I am personally looking at AFRINIC for their sweet IPv4 space :-)

The smallest range that providers are willing to deal with are /24 (256 IPv4 addresses), and each IP is around $20, so that's a minimum of $5,000 [0].

But I only need one IP address, and I'm willing to pay $500 for it. Is there a way to make this happen?

[0] https://www.ipv4connect.com/products/-buy-ipv4-Arin-24/484

You can buy a single ip but it won't be routable on the internet. All major routers on the internet drop any routes smaller than a /24.
Find 256 friends?
Let's say I buy a /24 IP address block and port it to AWS. My friend Bob and I are both on AWS. Would it be possible to share some of my IP addresses with Bob in a secure way?

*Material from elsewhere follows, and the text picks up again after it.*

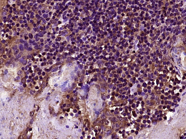Paraformaldehyde-fixed, paraffin embedded (human tonsil tissue); Antigen retrieval by boiling in sodium citrate buffer (pH6.0) for 15min; Block endogenous peroxidase by 3% hydrogen peroxide for 20 minutes; Blocking buffer (normal goat serum) at 37°C for 30min; Antibody incubation with (TLR8) Polyclonal Antibody, Unconjugated (bs-8684R) at 1:400 overnight at 4°C, followed by operating according to SP Kit(Rabbit) (sp-0023) instructionsand DAB staining.

I know that VPC peering[0] is possible across separate AWS accounts, what I don't know is that:

1. Whether or not my /24 block is "compatible" with VPC peering or not

2. How to prove to Bob that I'm not potentially MitMing him (assign my /24 block to VPC1, peer with Bob using VPC2, and MitM between VPC1 and VPC2 since they're both under my control). Would creating an IAM user with read-only VPC permissions work for this?

AWS is just an example. I would be happy to do this at any major provider (AWS and GCP are the two I know that allows bring-your-own-ip).

[0] https://docs.aws.amazon.com/vpc/latest/peering/what-is-vpc-p...

Yes it is, and using routing the IP can arrive everywhere in a tunnel, not just AWS.

You only need a good system administrator. I can get you in touch with friends who specializes in that. They will certainly recommend your /24 to be pointing to a more friendly provider of your choice, like one with a flat rate!

/24 with ASN -> friendly provider -> any ip goes where you want (digital ocean, aws, etc.)

But no, you can't prove you aren't MiM. Who has control of the /24 at any point could (ex: the 'friendly' provider)

IP space is getting pretty pricey these days, unless you want to go IPv6-only. And whatever the evangelists say, that's still to un-realistic for most people.